W obłokach dzieciństwa.

Archiwum / 07.11.2007

Przykładowy obraz

Prawie każdy mężczyzna, w którymś okresie swojego życia, miał do czynienia z samolotami, a zwłaszcza z ich modelami. Jedni przeglądali książki w poszukiwaniu barwnych ilustracji, inni sklejali kawałek po kawałku modele pięknie prezentujące się później na domowej półce, a jeszcze inni patrzyli jak po niebie szybuje maszyna sterowana przez ich dłonie.

 

 

Zostawiliśmy ten okres swojego życia daleko za sobą, w słodkich wspomnieniach z dzieciństwa. Ale „prawie każdy” nie oznacza wszyscy! Są tacy, dla których fascynacja stała się  sposobem na życie.

Jednym z nich jest Krzysztof Urbański, osiemnastoletni Mistrz Polski w akrobacjach modelami zdalnie sterowanymi,  z którym rozmawia Na Tropie.

 

Alicja Karaluk / Na Tropie: Akrobacje modelami zdalnie sterowanymi to dyscyplina mało znana. Na czym ona polega?

 

Krzysztof Urbański: Zawodnicy muszą wykonać ściśle określony układ figur akrobacyjnych, który zmienia się raz na 2 lata. Jest to sekwencja około dwudziestu figur ściśle ze sobą powiązanych, które muszą być wykonane w ustalonej kolejności. Oceniana jest precyzja ich wykonania oraz układ w tak zwanej „strefie” (odległość +/- 150m, a krańce figur w mieszczącej się strefie ograniczonej słupkami).

Samoloty, którymi latam ograniczone są przepisowo do wielkości 2m x 2m i wagi 5kg.

Do niedawna były napędzane głównie silnikami spalinowymi, lecz od paru lat wypierane są przez silniki elektryczne.

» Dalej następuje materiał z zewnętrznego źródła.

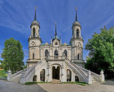 Церковь Владимирской иконы Божией Матери в Быково Церковь Владимирской иконы Божией Матери — знаменитый памятник русской псевдоготики XVIII века в селе Быково Церковь построена в 1789 году в псевдоготическом стиле на территории усадьбы Воронцова-Дашкова, в то время принадлежавшей Михаилу Измайлову. По стилистическим особенностям проект приписывается Василию Баженову. Храм имеет два этажа. Снаружи церковь облицована белым камнем. При Владимирской церкви возвели две колокольни - одну под звон (на ней повесили семь колоколов), вторую - под часы, водрузить которые так в итоге и не получилось В 1830-х годах рядом с церковью построена отдельно стоящая колокольня, выдержанная в том же стиле, что и храм. В 1930-х годах церковь была закрыта , там разместили швейную фабрику, а позднее склад. Возвращена РПЦ в 1989 году. |

Prędkość maksymalna takiego samolotu to około 160-170km/h.

 

Modele są bardzo kosztowne? Sam fundujesz sobie ich egzemplarze czy może je konstruujesz?

 

Koszt takiego samolotu z wyposażeniem to około 10 000 złotych. Zazwyczaj nie buduje się takiego samolotu od samego początku, ponieważ jest to bardzo czasochłonne. Dostępne są zestawy takich samolotów (tzn.: kadłub, skrzydła, stateczniki itp.), przygotowane do składania. Trzeba w nich zamontować silnik, serwomechanizmy, polakierować itp. Dostępne są również samoloty gotowe, lecz ich koszt jest bardzo duży. Można oczywiście samemu zbudować taki samolot od podstaw, lecz trzeba posiadać bardzo dużą wiedzę na ten temat oraz mieć dużo wolnego czasu. Modele F3A są wynikiem wieloletnich badań i aby dorównać swoją konstrukcją do tych najlepszych trzeba włożyć wiele wysiłku w zaprojektowanie takiego samolotu. U mnie przygotowaniem samolotów do lotu zajmuje się głównie mój tata.

 

 

Czyli wszystko zaczęło się od twojego taty?

 

Mój tata zajmował się w młodości modelami samochodów zdalnie sterowanych. Około 8-9 lat temu postanowił powrócić do hobby, lecz teraz zajął się samolotami, potem wciągnął w to mnie. Przez dość długi czas uczęszczałem do modelarni mieszczącej się na łódzkim lotnisku Lublinek. Budowałem tam swoje pierwsze konstrukcje. Po paru latach zacząłem startować w zawodach, najpierw szybowcowych, a potem akrobacyjnych.

 

Twoja kariera zaczęła się bardzo młodo… i jak potoczyła się dalej?

 

Modelarstwem lotniczym zajmuję się od 2000 roku, kiedy to zbudowałem w modelarni Aeroklubu Łódzkiego swój pierwszy motoszybowiec. Loty nim pozwoliły mi opanować podstawy pilotażu, a także zaliczyć pierwsze starty zawodnicze w lokalnych imprezach.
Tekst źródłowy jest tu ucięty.